4. Set OMP_NUM_THREADS and KMP_NUM_THREADS to 4 ( for both )

5. Try to encrease values of these environment variables by two. The error has to be reproduced when OMP_NUM_THREADS and KMP_NUM_THREADS are set to 16 ( for both ) or higher values.

6. Screenshots will be posted.

7. MKL version is 11.0

Let me know if you have questions and thanks in advance.

Fichiers joints: 

Fichier attachéTaille
Télécharger forttestapp.zip4.9 Ko

[ Screenshot 1 ]

Fichiers joints: 

Fichier attachéTaille
Télécharger forttestapp1.jpg124.21 Ko

[ Screenshot 2 ]

Fichiers joints: 

Fichier attachéTaille
Télécharger forttestapp2.jpg116.61 Ko

[ Screenshot 3 ]

Note: I wonder if the problem could be possibly related to default values of OMP_STACKSIZE or KMP_STACKSIZE?

Fichiers joints: 

Fichier attachéTaille
Télécharger pagingfiletoosmall.jpg189.11 Ko

Hello Sergey,

From the attached picture, it looks the memory (virtual memory) used by the applications is close to limitation. The max size about 130G for system and application almost use that size.

Also from the performance point of view, the virtual memory is far beyond the physical memory (32G) now.
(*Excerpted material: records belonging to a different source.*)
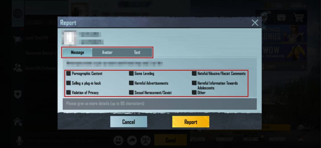 - Indsend rapporten: Når du har valgt den passende kategori, skal du bekræfte dit valg og indsend rapporten. Spillet sender derefter automatisk informationen, inklusive relevante data fra den netop afsluttede kamp (såsom spillerpositioner, skudmønstre og bevægelser), direkte til PUBG Mobile-teamet til gennemgang. Denne metode er ikke kun hurtig, men også yderst effektiv, da den leverer kontekstuel data direkte fra spilmotoren.
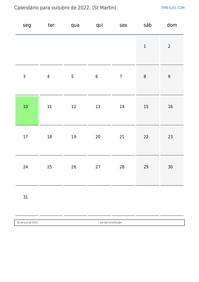Calendário de feriados e fins de semana para outubro de 2022 para Sint Maarten
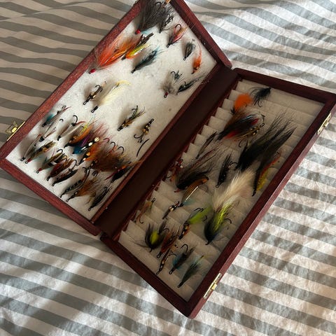 Mange kjente fluer og mye som kan brukes. Det aller meste i skrinet er ubrukt. Så å si alt ubrukt.
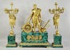 Top lot of the sale was a magnificent French Empire gilt bronze and malachite three piece clock garniture, the central figure depicting “Time” flanked by a pair of angel five-light candelabra. The work, measuring 27 1/4" high, 19" wide to 27 1/2" high, 9" wide, was claimed by an internet bidder at $18,750, winning out against other internet bidders and two phone bidders.
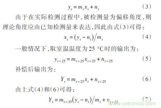 傳感器未經(jīng)溫度補償時的輸出為y = mx + n ,即在t ℃時,無補償輸出為:
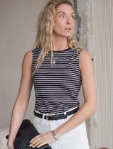 Костюм майка с шортами. Майка с подрезом под грудью, кокетка притачена внахлест и закреплена тремя пуговками. Горловина и проймы обработаны окантовкой, окантовка вышита мережкой. Шорты свободного покроя, боковые швы зашиты внахлест. Шорты обработаны окантовкой с мережкой.
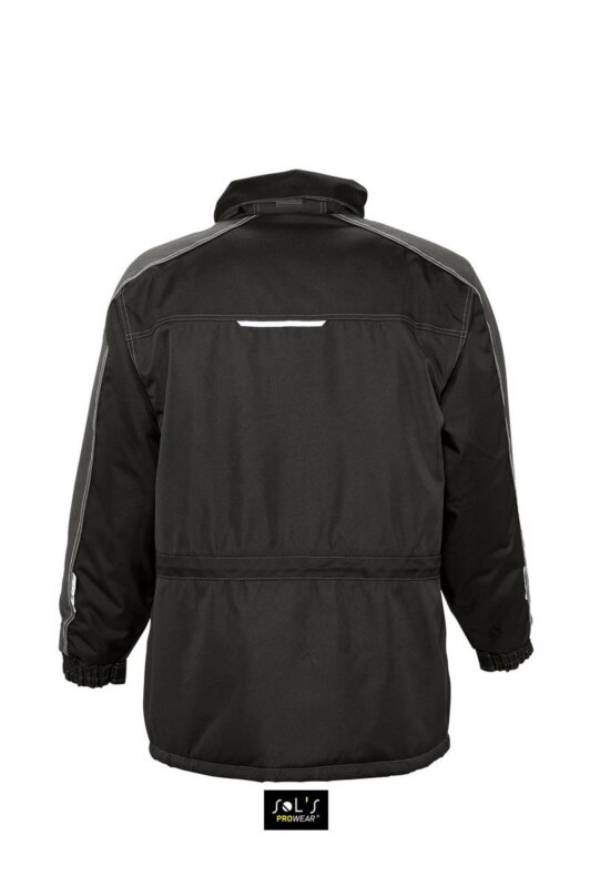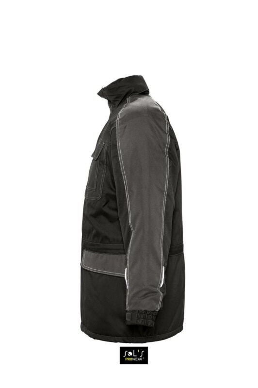 Куртка SOL’S FUSION PRO. Капюшон, що складається в комір, застібка з планкою, лита блискавка в тон і кнопки, світловідбиваючі вставки на нагрудних кишенях, манжетах і на спині; контрастна обробка: на плечах, рукавах і клапанах кишень еластичні манжети на липучці, 8 кишень. Матеріал: ОКСФОРД 600D.
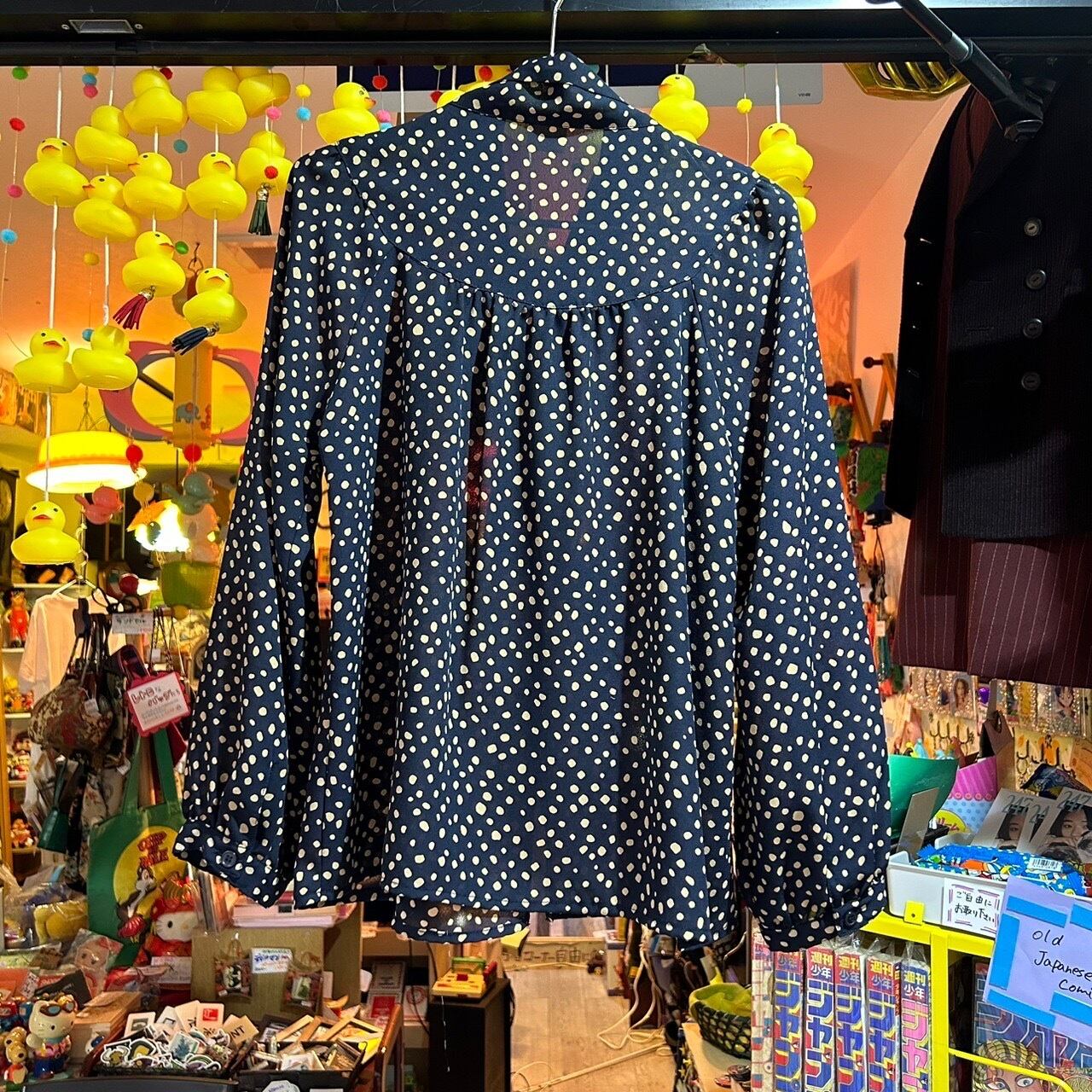 ちょっとカジュアルに、ピアノの発表会にでも使えそうな綺麗な黒のブラウスです。ドットはくすんだ黄色です。
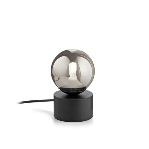 Fekete színű fém vázas éjjeli lámpa füstszínű üveg búrával, G9-es foglalattal. A lámpa egyéb tulajdonságai: vezetékre szerelt kapcsoló. 4W 3000K színhőmérsékletű G9-es LED fényforrással szállítjuk.
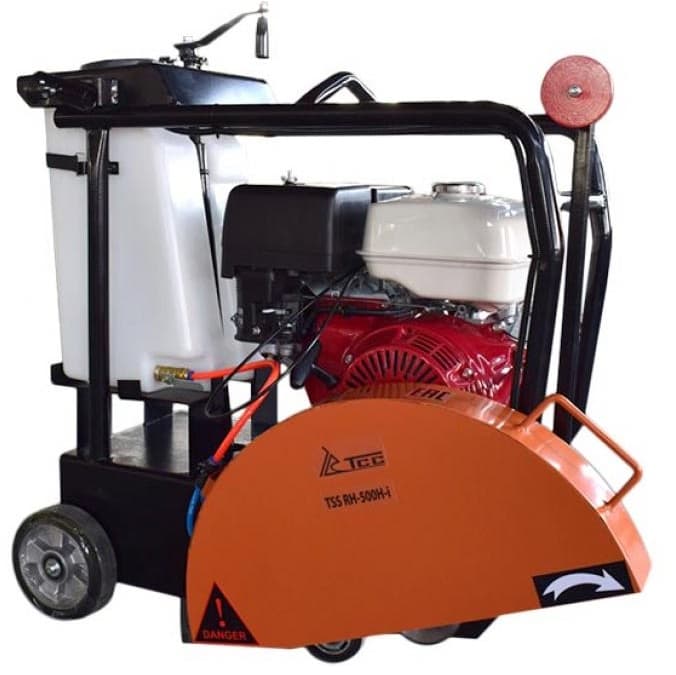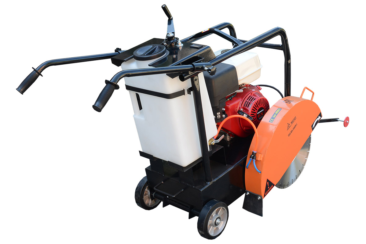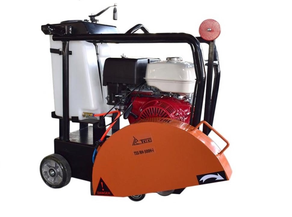 Нарезчик швов TSS RH-500H- I оснащен бензиновым двигателем Honda GX390 мощностью 13 л.с. Используется для резки швов в асфальтных, бетонных, железобетонных, гидроизоляционных, каменных покрытиях и других материалах. Максимальная глубина реза составляет 200 мм. Диаметр используемых дисков от 400 до 500 мм. Съемный 30-литровый бак для воды обеспечивает регулируемую подачу воды в зону резки для охлаждения диска. Защитные кожухи на движущихся элементах обеспечивают безопасность работы. Вес оборудования 120 кг.
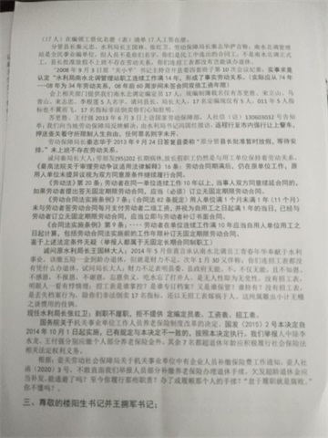 “2008年9月3日原‘关小平,书记主持召开县委四套班子第10次会议纪要:实事求是认定“水利局南水北调管理站职工连续工作满14年,形成了事实劳动关系。(实际应从74年——08 年为34年劳动关系,08 年后60周岁间未签合同双倍工资年限)
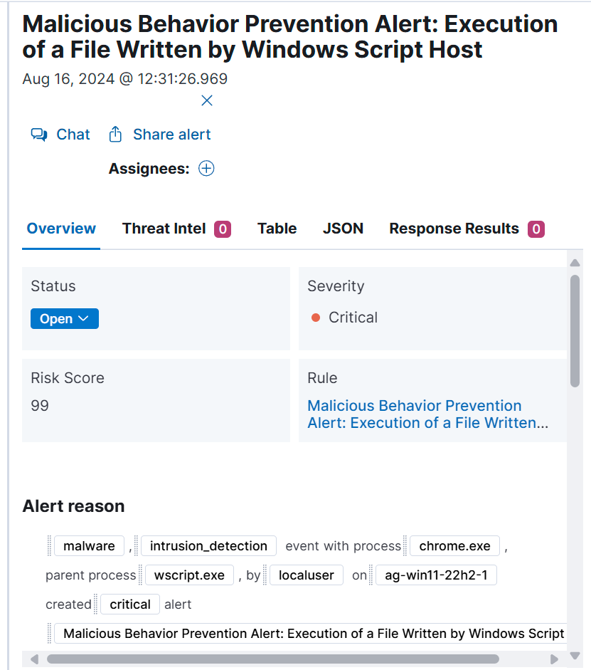 This above picutre tells us that a process with the name "chrome", with parent process wscript.exe, was executed by localuser on the machine and its categorized as critical.
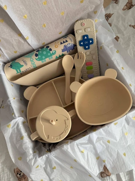 Набір дитячого силіконового посуду на присосках | Посуд для першого прикорму Динозаври бежеві
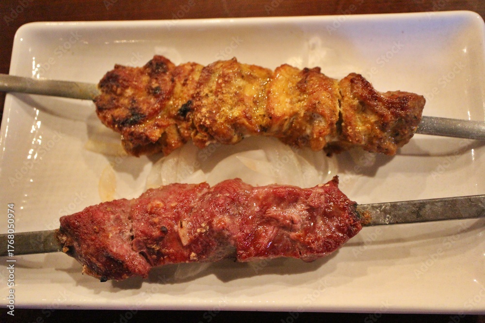 Caucasian woman in apron standing in kitchen and putting sauce on spaghetti.Preparation of italian food concept.
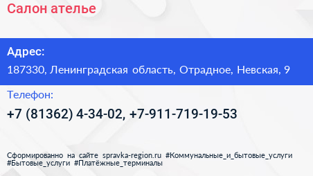 Салон-ателье по адресу 187330, Ленинградская область, Отрадное, Невская, 9 в дальнейшем Организация, размещена в следующих категориях:
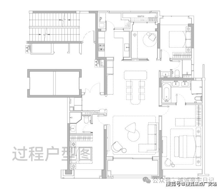 主卧配置步入式衣帽空间、双台盆+大浴缸主卫。
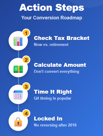 Time it right. Many people wait until Q4 to see their full-year income before converting.
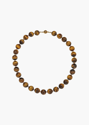 The Corisande Necklace showcases striking semi-precious tiger's eye beads, each displaying nature's distinctive golden-brown veining. Traditionally valued for promoting courage, protection, and mental clarity, these substantial stones are elegantly interspersed with 18-karat gold-plated seed beads for refined contrast. The convenient magnetic clasp ensures effortless fastening, making it equally stunning worn alone or layered with complementary pieces. Length: 17 inches.

It may have much memory swapping, can create some bad performance.

Regards,
Chao

Hi Chao, I've provided example and lots of technical details in order to avoid any talks which I would rate as "speculative". Please try to reproduce the problem. On my side, I'll try to increase VM Max size and don't worry about performance of calculations since this is another issue Not related to the problem. Thanks in advance.

 

Sergey, 

I downloaded the code to have a check.  I did not find any MKL function call there. Did I miss something?  

Regards
Chao 

What about MATMUL Fortran call? Doesn't it use MKL ( parallel version ) indirectly?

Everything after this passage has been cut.